In his new book, Know Yourself, Forget Yourself: Five Truths to Transform Your Work, Relationships, and Everyday Life, Marc Lesser – Zen student and SIYLI [Search Inside Yourself Leadership Institute] CEO – examines five paradoxes that can help us better understand the confusing nature of life.

In honor of these five paradoxes, Marc answers five questions on his book, leading a happy and meaningful life, and how to thrive in the midst of the challenges of the work day.

know yourselfWhat inspired the book Know Yourself, Forget Yourself?

My grand answer is that I feel this deep commitment to do whatever I can to relieve suffering in the world and to bring wisdom and compassion as much as I possibly can.

My more practical answer is: After my last book Less, my publisher asked me to write another book. And out of that came this topic of how we work with things that are contradictory and paradoxical in our lives. It led me down this path that I found myself really excited about, exploring how paradox can be transformed into insight and learning.

What is the power of the Five Paradoxes?

I started with maybe 10 or 15 paradoxical statements and whittled them down to be as efficient and focused as I could. I settled on five: Know Yourself, Forget Yourself; Be Confident, Question Everything; Fight for Change, Accept What Is; Embrace Emotion, Embody Equanimity and Benefit Others, Benefit Yourself.

I think when we pay attention to our lives, everything about it is paradoxical. How did we get here? What does it mean to be born into this world and to have consciousness? To discover our family and our life and our body, that’s all to me pretty mysterious stuff.

So it’s a way of bringing more awareness and understanding to our lives. It’s also a way to practice and expand our own worldview, perception of ourselves – who we are and what we’re doing.

How do you use these truths to cope with losses or setbacks?

Paradox is how we can embrace what our story is wherever we happen to be and how we engage with it and shape our lives. We don’t get to choose a lot about who we are, but we get to choose a lot about how we direct our attention.

I talk openly about how painful it was for me to be fired from [Brush Dance Publishing], which I started and ran for 15 years. A year before I left the company, I decided that it was time to leave. I walked in one day and felt that my heart wasn’t there and it was time for me to think about what was going to happen next.

That was a terrifying thought for me; I was very attached to the company. This was a company I had started from scratch and was really meaningful for me. We get identified with our work.

It was traumatic and painful for me to leave the company in that way – it wasn’t how I wanted to. I also felt tremendously successful as a leader and an entrepreneur. On the other hand, I learned so much from the process of leaving and it opened doors for me that allowed me to do what I’m doing now.

Eight years later, I’m back in the seat of running another organization, getting another shot at leadership and growing a company with SIYLI.

In some ways, those paradoxes come into play in the other losses in my own life: from the death of my parents to even the fact that my children grew up and moved out of the house.

What is the number one complaint you hear in your job as an executive coach?

Most of my time is spent bringing mindfulness and emotional intelligence into lots of organizations through SIYLI. I think the overarching complaint that I hear is too much to do and not enough time.
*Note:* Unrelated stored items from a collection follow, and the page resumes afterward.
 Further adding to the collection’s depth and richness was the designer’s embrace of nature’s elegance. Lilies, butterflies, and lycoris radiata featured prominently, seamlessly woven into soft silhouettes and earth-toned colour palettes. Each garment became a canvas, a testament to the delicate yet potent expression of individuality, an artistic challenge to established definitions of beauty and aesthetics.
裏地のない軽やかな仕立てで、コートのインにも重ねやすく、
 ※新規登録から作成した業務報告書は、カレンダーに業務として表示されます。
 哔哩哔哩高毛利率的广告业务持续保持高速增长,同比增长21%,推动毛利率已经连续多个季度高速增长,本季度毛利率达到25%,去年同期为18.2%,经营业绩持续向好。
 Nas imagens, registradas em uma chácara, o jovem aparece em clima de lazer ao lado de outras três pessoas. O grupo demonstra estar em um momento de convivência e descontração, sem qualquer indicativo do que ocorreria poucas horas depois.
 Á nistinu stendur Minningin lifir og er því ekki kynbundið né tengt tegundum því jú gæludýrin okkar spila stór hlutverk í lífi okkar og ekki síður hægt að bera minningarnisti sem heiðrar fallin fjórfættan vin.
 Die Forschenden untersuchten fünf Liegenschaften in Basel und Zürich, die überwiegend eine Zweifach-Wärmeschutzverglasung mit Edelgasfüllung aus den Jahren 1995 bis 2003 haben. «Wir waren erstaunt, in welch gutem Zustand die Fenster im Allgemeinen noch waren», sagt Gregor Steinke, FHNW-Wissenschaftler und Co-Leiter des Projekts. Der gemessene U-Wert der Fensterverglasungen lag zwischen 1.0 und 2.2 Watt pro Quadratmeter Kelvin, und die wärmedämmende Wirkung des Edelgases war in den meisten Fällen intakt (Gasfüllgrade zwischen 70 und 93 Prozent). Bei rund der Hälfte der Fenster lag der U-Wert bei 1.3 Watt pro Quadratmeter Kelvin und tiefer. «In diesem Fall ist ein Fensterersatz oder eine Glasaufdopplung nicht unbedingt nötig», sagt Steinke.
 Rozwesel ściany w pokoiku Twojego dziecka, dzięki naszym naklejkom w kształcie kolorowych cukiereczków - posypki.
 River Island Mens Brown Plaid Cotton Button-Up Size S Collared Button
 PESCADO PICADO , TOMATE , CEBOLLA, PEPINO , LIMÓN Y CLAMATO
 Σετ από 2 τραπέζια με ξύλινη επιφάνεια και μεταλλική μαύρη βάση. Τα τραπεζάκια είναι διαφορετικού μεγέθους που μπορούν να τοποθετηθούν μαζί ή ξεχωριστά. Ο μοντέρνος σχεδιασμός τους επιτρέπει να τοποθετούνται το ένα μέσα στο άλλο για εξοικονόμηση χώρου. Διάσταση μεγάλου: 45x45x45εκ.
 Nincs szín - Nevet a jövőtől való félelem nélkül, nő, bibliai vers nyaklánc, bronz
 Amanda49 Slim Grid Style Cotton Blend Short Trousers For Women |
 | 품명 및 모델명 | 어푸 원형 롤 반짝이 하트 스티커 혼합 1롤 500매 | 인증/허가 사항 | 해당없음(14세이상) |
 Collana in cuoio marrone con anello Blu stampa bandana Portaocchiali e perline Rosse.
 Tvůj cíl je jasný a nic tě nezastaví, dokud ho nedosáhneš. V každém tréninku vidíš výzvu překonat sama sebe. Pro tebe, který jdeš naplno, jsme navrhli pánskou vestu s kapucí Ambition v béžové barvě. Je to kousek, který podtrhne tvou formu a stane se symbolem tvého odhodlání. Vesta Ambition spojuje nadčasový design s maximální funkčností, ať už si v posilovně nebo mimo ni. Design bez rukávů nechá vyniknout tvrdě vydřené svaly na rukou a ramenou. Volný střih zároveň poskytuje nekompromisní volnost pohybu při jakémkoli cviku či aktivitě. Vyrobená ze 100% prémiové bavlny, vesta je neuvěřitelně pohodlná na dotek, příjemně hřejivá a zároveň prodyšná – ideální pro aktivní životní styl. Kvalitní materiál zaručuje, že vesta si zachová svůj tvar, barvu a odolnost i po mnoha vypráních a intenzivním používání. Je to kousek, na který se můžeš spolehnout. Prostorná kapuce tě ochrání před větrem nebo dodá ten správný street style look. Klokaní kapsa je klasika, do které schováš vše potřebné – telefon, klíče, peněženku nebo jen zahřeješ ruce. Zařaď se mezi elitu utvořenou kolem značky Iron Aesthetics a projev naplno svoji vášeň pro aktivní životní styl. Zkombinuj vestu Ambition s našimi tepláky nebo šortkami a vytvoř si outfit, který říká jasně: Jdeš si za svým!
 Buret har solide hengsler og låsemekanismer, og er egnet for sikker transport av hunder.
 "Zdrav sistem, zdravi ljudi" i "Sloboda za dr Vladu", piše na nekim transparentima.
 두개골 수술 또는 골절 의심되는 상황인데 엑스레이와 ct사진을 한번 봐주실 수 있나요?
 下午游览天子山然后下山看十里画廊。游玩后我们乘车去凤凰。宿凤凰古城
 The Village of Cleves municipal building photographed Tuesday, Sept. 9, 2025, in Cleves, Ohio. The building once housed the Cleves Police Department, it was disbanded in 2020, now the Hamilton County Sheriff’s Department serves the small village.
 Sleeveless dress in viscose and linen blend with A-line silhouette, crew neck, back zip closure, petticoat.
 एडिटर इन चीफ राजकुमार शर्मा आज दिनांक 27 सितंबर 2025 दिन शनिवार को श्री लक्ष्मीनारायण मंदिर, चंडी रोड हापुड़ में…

Everything else feels like a subset of that, the stress it causes, the lack of work/life balance, people feeling unconnected and a kind of loneliness even when they’re surrounded by people at work or surrounded by online communities. There seems to be a real lack of meaning and intimacy.

When I talk to people in their companies, it seems like so many companies are going through mergers or downsizing or growing quickly, and don’t know how to handle change.

What is the key to happiness in the workplace?mindfulness_news_image5

I wish there were a key. I think we all want these same things: we want to be healthy and happy; we want to take care of our families; we want to feel more freedom and less fear.

In some way the quickest answer is: Resilience, flexibility and seeing the good in others. I think there is a lot of unhappiness when we don’t see that people actually do have good intentions. I talk about this in the book: The goal is to become really familiar with our own story, our own worldview and to make it wider and more flexible.

Someone this morning said to me, “If you want to do something quickly, do it by yourself; if you want to do something long-lasting, do it with others.” We all work and live in the world with others, so how can we do that both effectively and passionately? It’s not enough to just be effective without compassion and it’s not enough to be compassionate without effectiveness. Another paradox to think about.